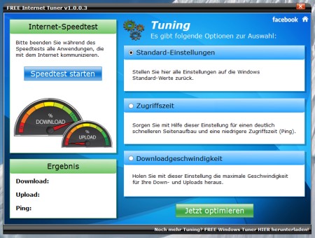 Free Internet Tuner optimiert Einstellungen, die Ihre Internetnutzung verlangsamen und sorgt somit für ein schnelleres Abrufen von Inhalten aus dem Internet. Nur ein Klick ist nötig, um fehlerhafte Einstellungen zu korrigieren und Tweaks für ein besseres Internetvergnügen zu aktivieren.
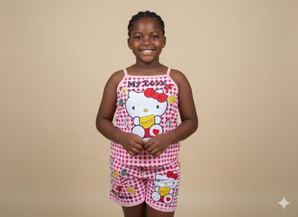 Pyjama confortable avec motif Hello Kitty pour les filles. Conçu pour un sommeil paisible, ce pyjama est fait de tissu doux et respirant. Parfait pour les soirées cocooning ou pour dormir chez les copines.
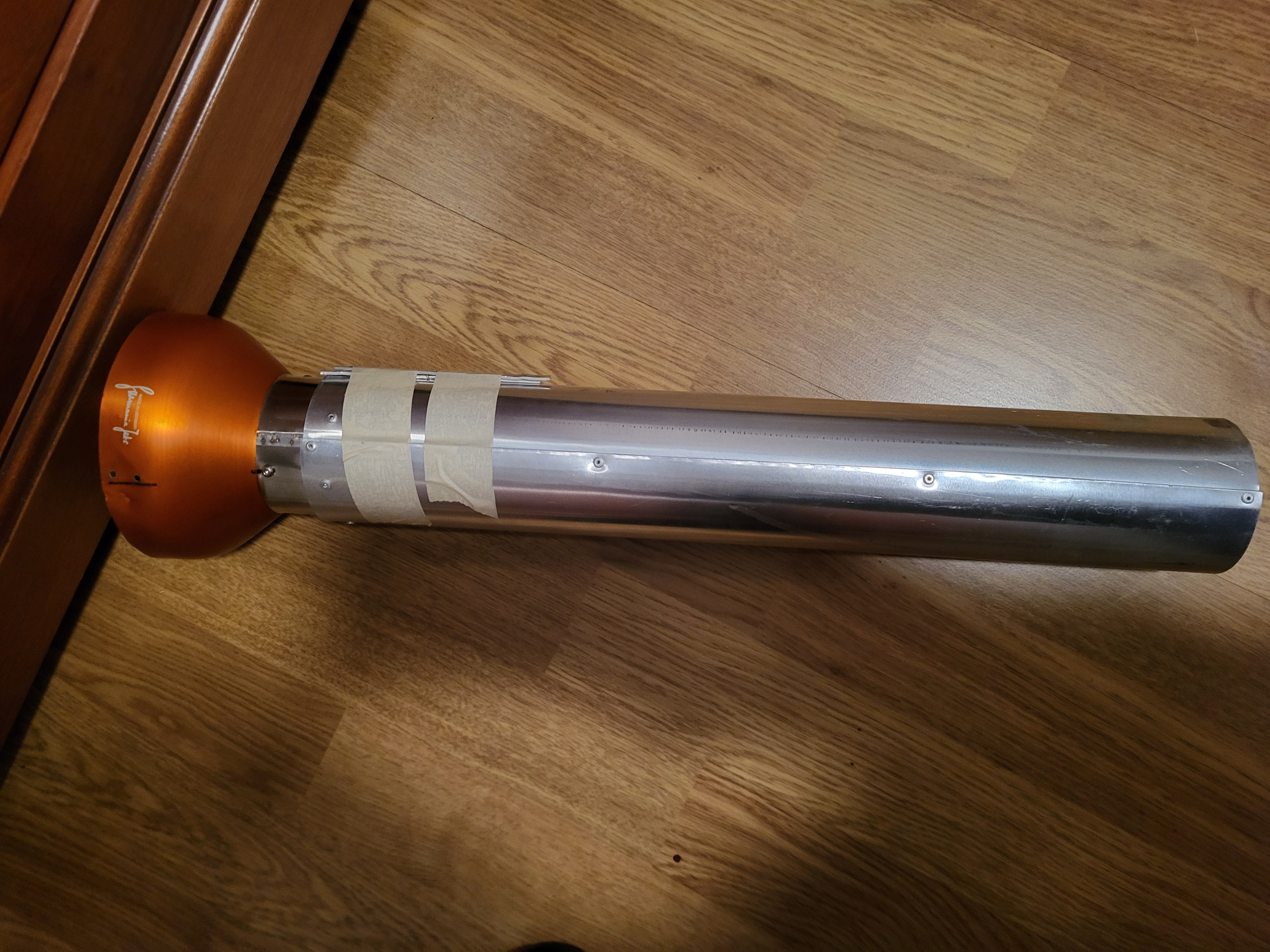 Vends tuyère Grunmania pour réacteur 7-8 kg. Elle était sur un Avanti Sebart avec une K70. Longueur totale avec la partie orange 48 cm. Diamètre extérieur 70 mm, intérieur 65. Diamètre de la partie orange 113 mm environ

++++++++++

● YOUR OBJECTIVE
Reproduce every line above exactly, pictures excluded.

● RESULT FOR THIS EXERCISE
 Free Internet Tuner optimiert Einstellungen, die Ihre Internetnutzung verlangsamen und sorgt somit für ein schnelleres Abrufen von Inhalten aus dem Internet. Nur ein Klick ist nötig, um fehlerhafte Einstellungen zu korrigieren und Tweaks für ein besseres Internetvergnügen zu aktivieren.
 Pyjama confortable avec motif Hello Kitty pour les filles. Conçu pour un sommeil paisible, ce pyjama est fait de tissu doux et respirant. Parfait pour les soirées cocooning ou pour dormir chez les copines.
 Vends tuyère Grunmania pour réacteur 7-8 kg. Elle était sur un Avanti Sebart avec une K70. Longueur totale avec la partie orange 48 cm. Diamètre extérieur 70 mm, intérieur 65. Diamètre de la partie orange 113 mm environ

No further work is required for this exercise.